右脳を使うほうがよいというようなことらしいのですが、実際にそうなのでしょうか。
漢字を覚えるときも、たとえば猫という字を覚えるとき、図のように絵と一緒に覚えれば覚えやすいし、文字を見たときイメージが結びつくので、文の理解が深まるというような主張があります。
しかし、記憶されたイメージというものがはっきりしたものだと都合の悪い部分もあります。
たとえば図のようなイメージ猫という言葉を覚えてしまうと、猫にはいろんな猫がいるので、黒猫とか化け猫とかいったこのイメージに似つかわしくない単語が出てくると、猫のイメージを消して別のイメージに置き換えなくてはなりません。

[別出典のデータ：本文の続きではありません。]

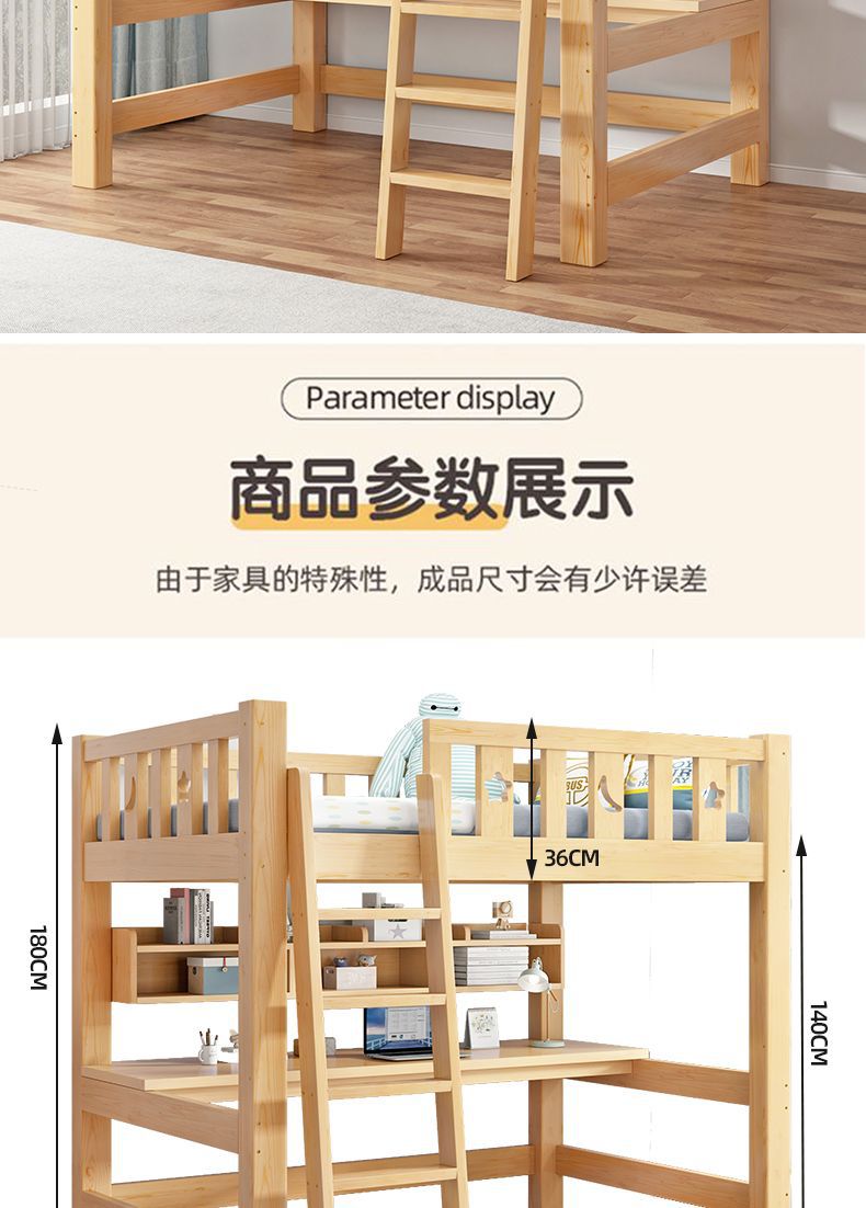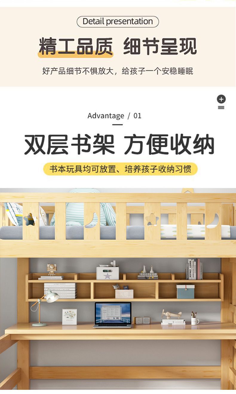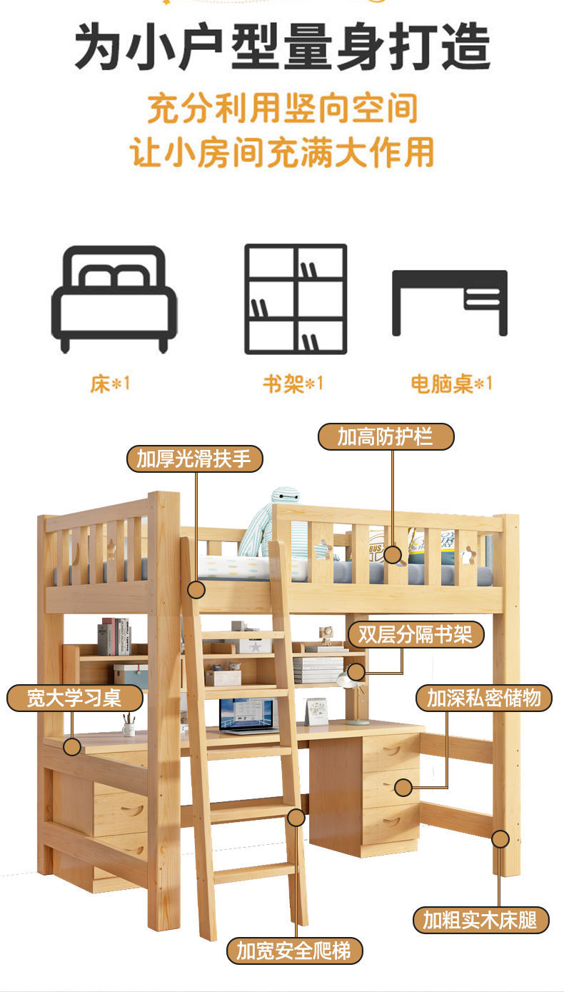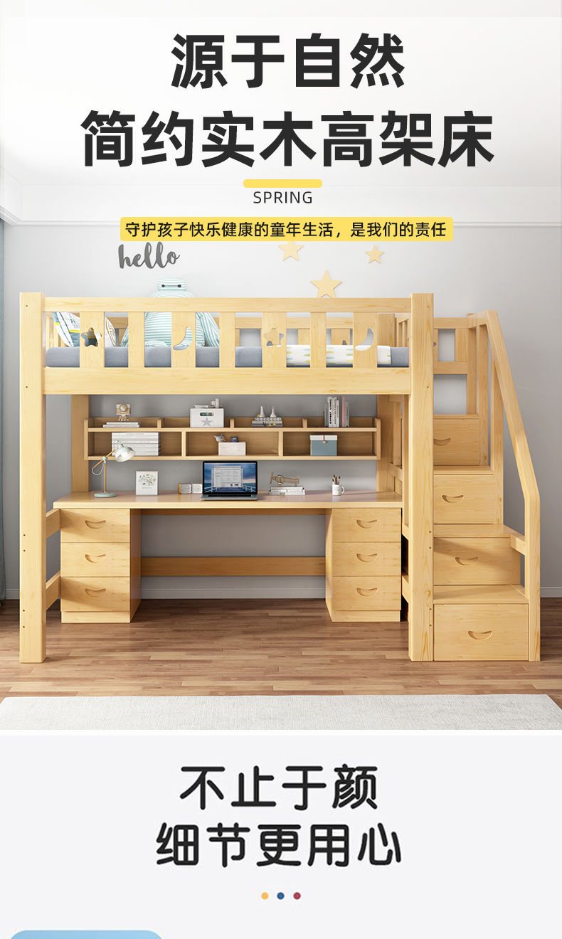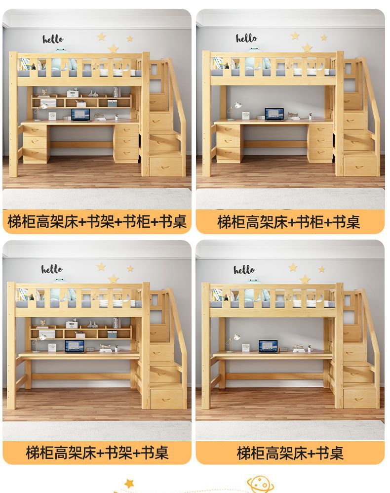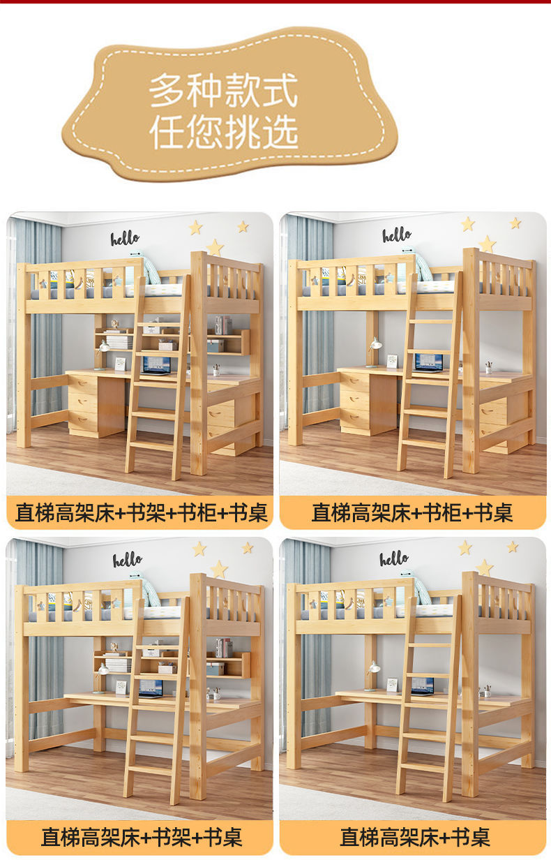 모든 단단한 나무 침대 테이블 상승 침대 다기능 침대 조합 침대 책상 높은 낮은 침대가있는 어린이 침대스토어 가기

猫という文字を見るごとに決まった猫のイメージが頭に浮かんでいては、わずらわしくて混乱してしまうのではないでしょうか。
個人差はあると思いますが、文字を見ていちいちその単語が示す視覚イメージを思い浮かべていては、頭が混乱して文章をスムーズに読み進むことは出来ません。
文章を読んでいく過程で、ある種のイメージがわくということはあるでしょうが、単語ごとに視覚イメージが想起されては大変です。

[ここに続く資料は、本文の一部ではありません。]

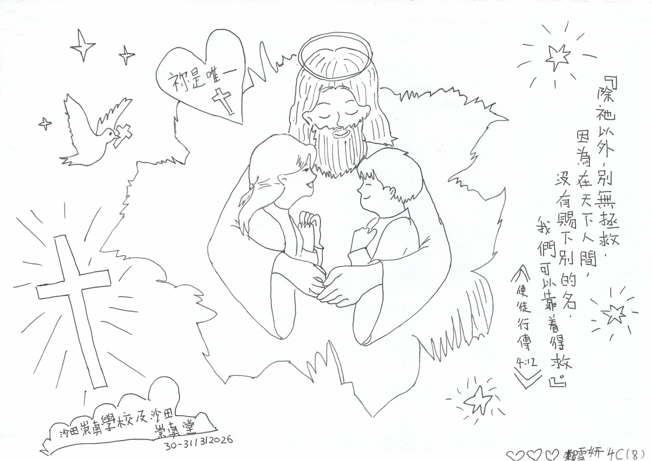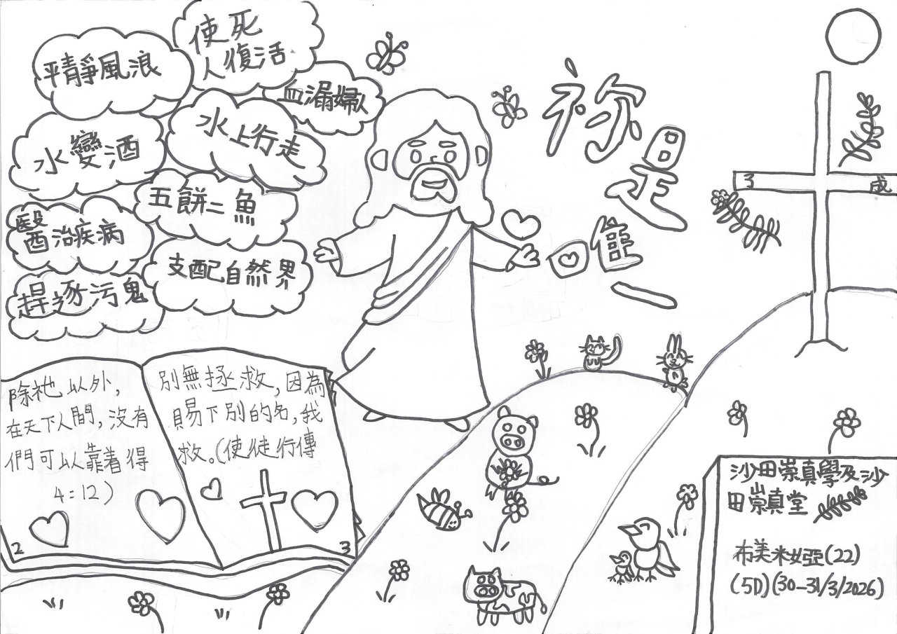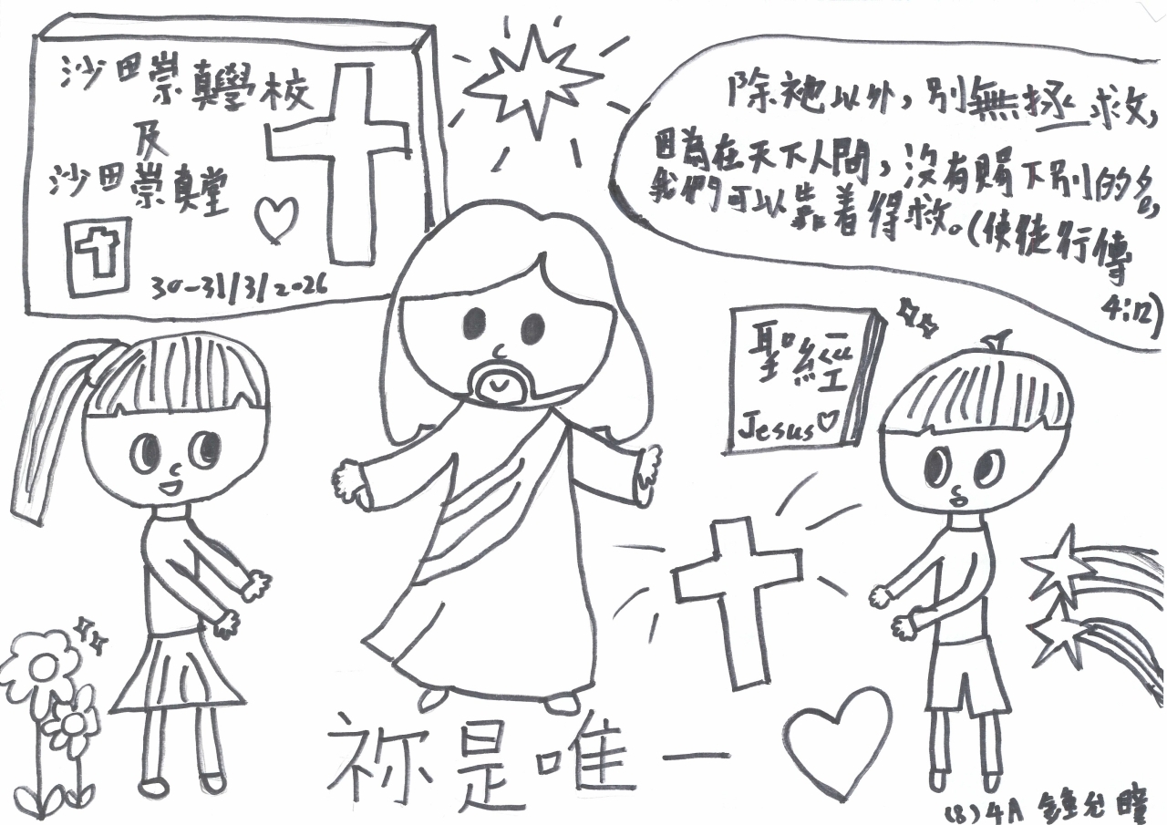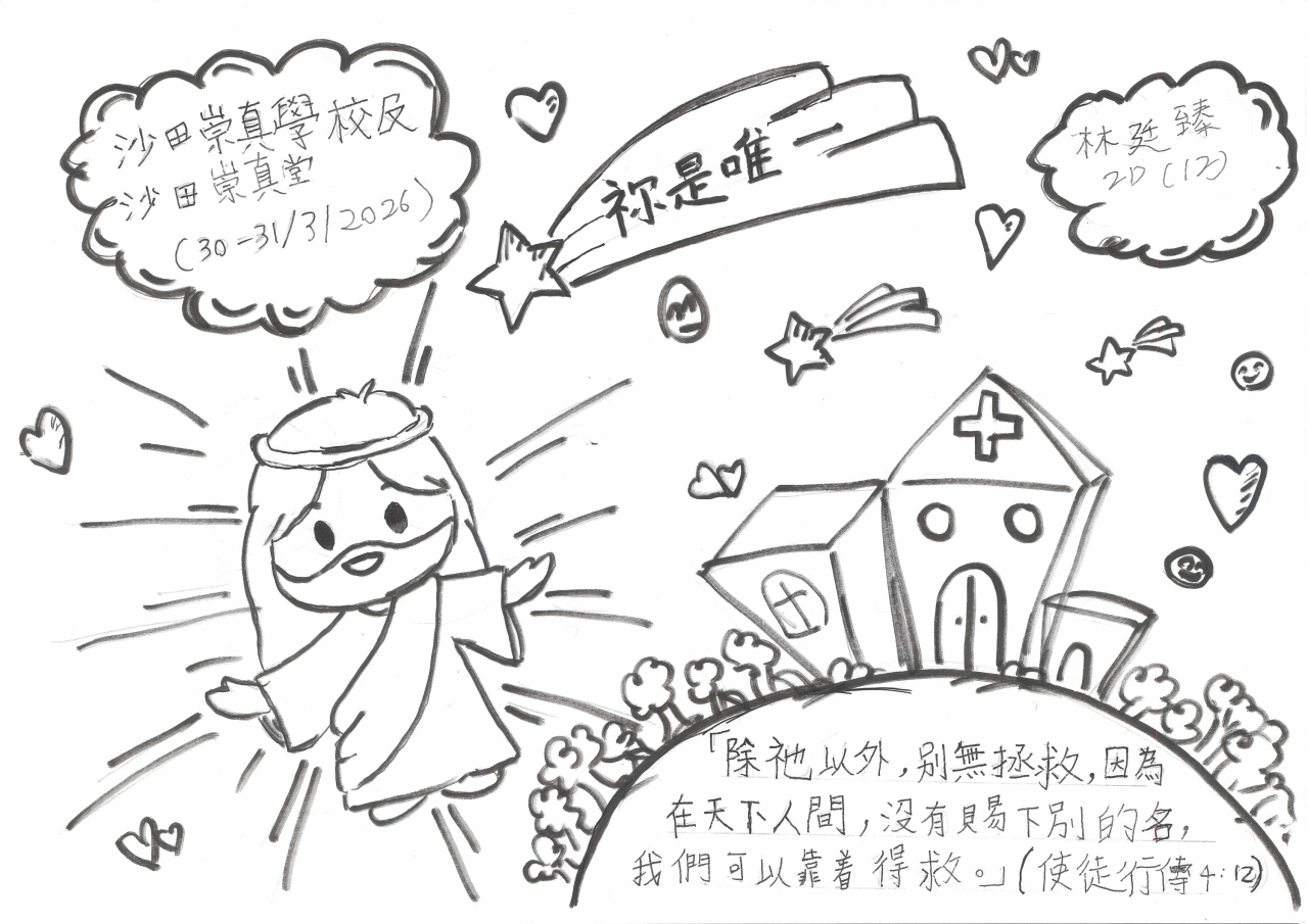 一連兩天的福音周終於完滿結束,今年主題是「祢是唯一」,活動包括聖經問答比賽、創意寫作、手工、書展、歷奇、填色及書法、手冊遊戲及解碼、佈道會及復活節崇拜。同學透過不同的活動,認識主耶穌就是唯一拯救我們的主,並且願意在佈道會中決志信主,讓生命得著改變。

もし単語ごとに視覚イメージが想起されるということであれば、絵本などは混乱して読めなくなってしまうでしょう。
画家が描いた視覚イメージと読み手の思い浮かべるイメージが違っていれば、イメージ同士がぶつかってしまいます。
絵本にあわせようとすれば、自分が持っているイメージを押さえ込みながら読まなければならず、自分のイメージを主張するなら見えている絵本の絵を消さなければならなくなってしまいます。
また視覚イメージを呼び出すというのは、映像を見るのと違って時間もかかるし、呼び出されたイメージはボンヤリとしています。
ためしに1から10までの数字を視覚的イメージとして思い浮かべてみてください。
書かれた数字を見るのはほんの一瞬で出来ますが、頭の中に数字をイメージとして思い浮かべるにはずっと時間がかかるでしょうし、思い浮かべた数字はボンヤリとした形ではないでしょうか。
図の下の方の文字は色がついていますが、文字の色は見た瞬間に分かりますが、文字の色を答えるように言われたときウッカリ文字を読んでしまいます。
「あお」という文字を見たとき、頭の中に青いイメージが浮かぶから「あお」といってしまうのだという意見もあるかもしれませんが、そのとき文字が青く見えるわけではないでしょう。
文字の色は黒だと認識しているのに、つい文字を読んでしまったということなのです。
つぎの「青」という文字の色は赤いのに、うっかり青と読んだりするのも、この文字が青く見えるということではありませんし、頭の中が青くなっているわけでもないでしょう。
まして、つぎの「あほ」をウッカリ読んだとき、頭の中に「あほ」のイメージが浮かんだから読んだなどということはないはずです。